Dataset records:
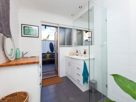 The bathroom and laundry were cleverly renovated using neutral colours and quality finishes to create a beautiful, functional space. A grey and white colour scheme was chosen for the bathroom/ laundry renovation, with frameless shower screen installed and a mahogany bench top for the laundry sink. The result is gorgeous!
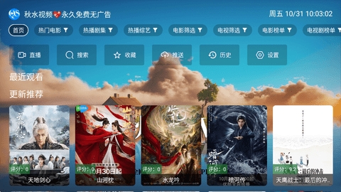 秋水TV是一款功能比较强大的在线观影追剧软件。用户在通过软件观看各类优质网络电视的同时,还可以点开电视直播,观看各个地方频道的数字节目,在首页有推送的高分优质作品,还有不同的分类排行榜单可以查看,点击播放没有广告弹窗,需要的用户快来下载吧。
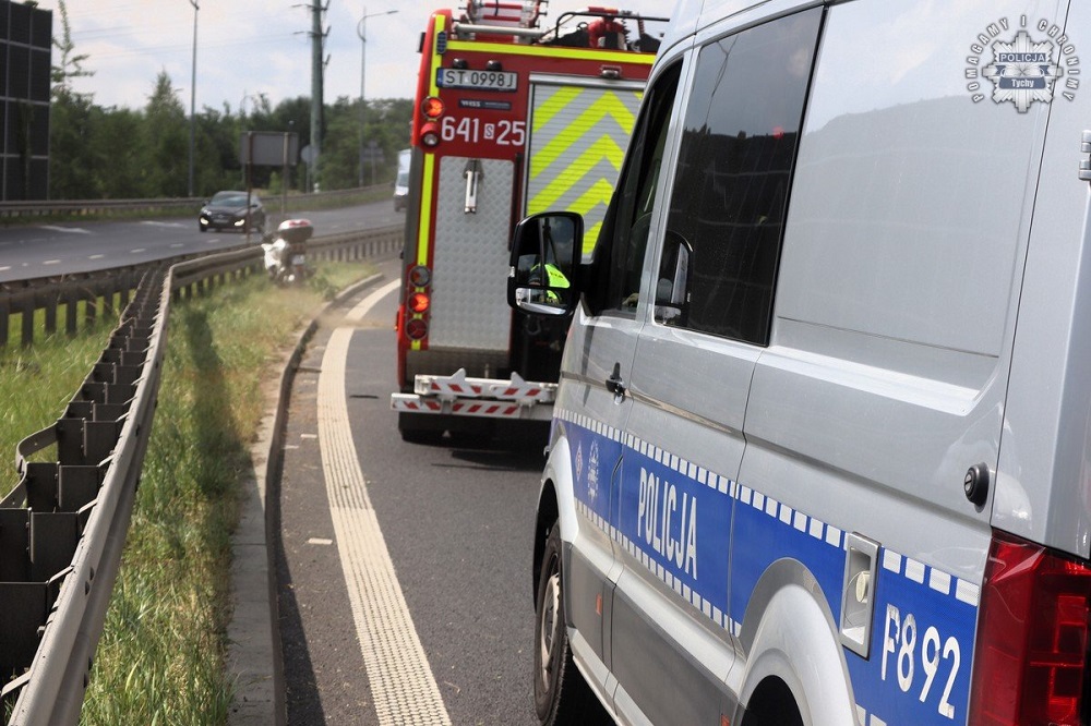Wczoraj, około godziny 09:55, służby ratunkowe zostały powiadomione o wypadku drogowym na DK-1 w Tychach, w kierunku Pszczyny. Kierujący motocyklem marki Yamaha utracił panowanie nad pojazdem, uderzając w bariery energochłonne. 39-letni mężczyzna, po wypadku, trafił do szpitala z obrażeniami.
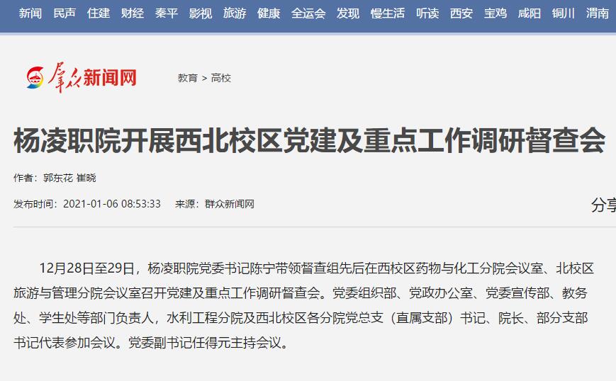 12月28日至29日,杨凌职院党委书记陈宁带领督查组先后在西校区药物与化工分院会议室、北校区旅游与管理分院会议室召开党建及重点工作调研督查会。党委组织部、党政办公室、党委宣传部、教务处、学生处等部门负责人,水利工程分院及西北校区各分院党总支(直属支部)书记、院长、部分支部书记代表参加会议。党委副书记任得元主持会议。
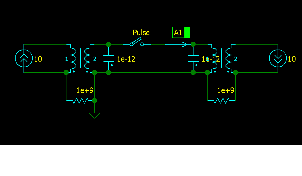 Конденсаторы по 1 пф, источники тока дают ток - 10 ампер.
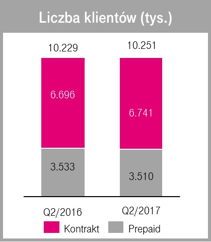 T‑Mobile Polska na koniec czerwca 2017 roku obsługiwał 10,251 miliona klientów. Baza abonentów wyniosła 6,741 miliona, a klientów usług przedpłaconych 3,510 miliona. Liczba aktywacji netto w bazie klientów kontraktowych w drugim kwartale 2017 r. wyniosła 45 tysięcy, co oznacza, że jest on już piątym z kolei kwartałem, w którym Spółka odnotowuje wzrost bazy klientów abonamentowych. W całej pierwszej połowie 2017 roku Spółka odnotowała wzrost łącznej liczby abonentów o 129 tysięcy. W drugim kwartale br. w segmencie klientów usług przedpłaconych nastąpiła stabilizacja po okresie spadków związanych z wprowadzeniem obowiązkowej rejestracji numerów prepaid w Polsce. W drugim kwartale 2017 roku zmniejszył się wskaźnik odejść klientów (churn) o 1,3 punktu procentowego w porównaniu do wyników Spółki w drugim kwartale roku ubiegłego.
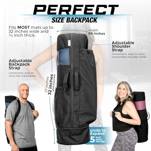 EXPANDABLE FOR EXTRA WIDE YOGA MATS : Our yoga mat bag expands from 27″ to 32″ to create additional storage for long and wide yoga mats. Our gym bag with yoga mat holder will fit most yoga mats up to 32 inches and 6 inches in diameter.
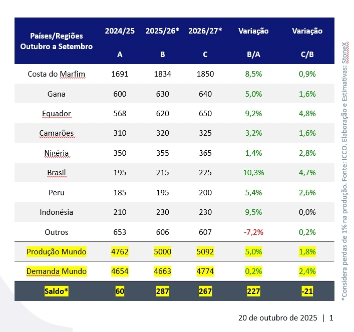 Para a safra 2025/26, a StoneX revisou a produção global de cacau, com aumento da oferta na Costa do Marfim, leve ajuste negativo em Gana e redução da demanda mundial. Mesmo com revisões para baixo tanto da produção quanto do consumo, o saldo global permaneceu positivo em 287 mil toneladas.
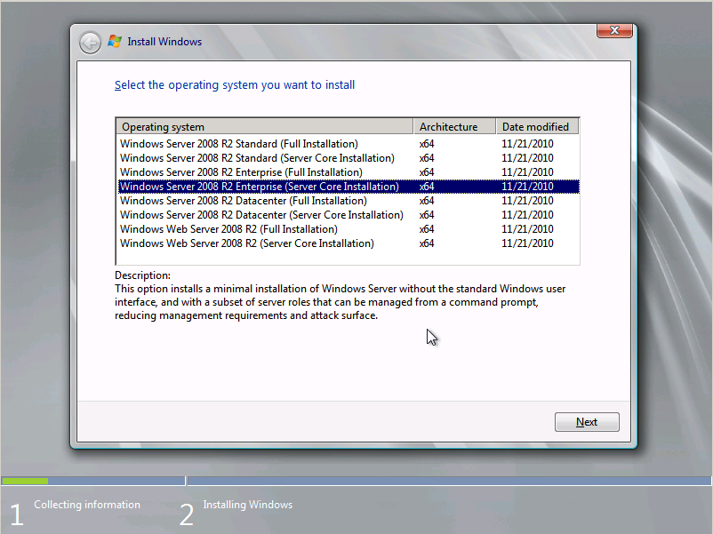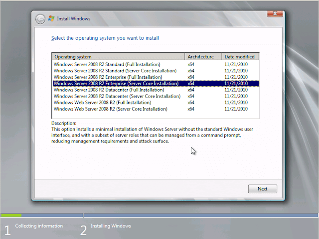 Burada görüldüğü gibi birden fazla core versiyonu karşımıza çıkıyor.Data center,web server,standart gibi seçenekleri var biz enterprise core serveri seçiyoruz ve next diyoruz.

• **TASK PROMPT**: Give again, exactly as written above, every line from the one holding "Wczoraj, około godziny" to the one holding "Конденсаторы по 1", with both ends kept and the pictures left out.

• **ANSWER FOR THIS EXERCISE**:
Wczoraj, około godziny 09:55, służby ratunkowe zostały powiadomione o wypadku drogowym na DK-1 w Tychach, w kierunku Pszczyny. Kierujący motocyklem marki Yamaha utracił panowanie nad pojazdem, uderzając w bariery energochłonne. 39-letni mężczyzna, po wypadku, trafił do szpitala z obrażeniami.
 12月28日至29日,杨凌职院党委书记陈宁带领督查组先后在西校区药物与化工分院会议室、北校区旅游与管理分院会议室召开党建及重点工作调研督查会。党委组织部、党政办公室、党委宣传部、教务处、学生处等部门负责人,水利工程分院及西北校区各分院党总支(直属支部)书记、院长、部分支部书记代表参加会议。党委副书记任得元主持会议。
 Конденсаторы по 1 пф, источники тока дают ток - 10 ампер.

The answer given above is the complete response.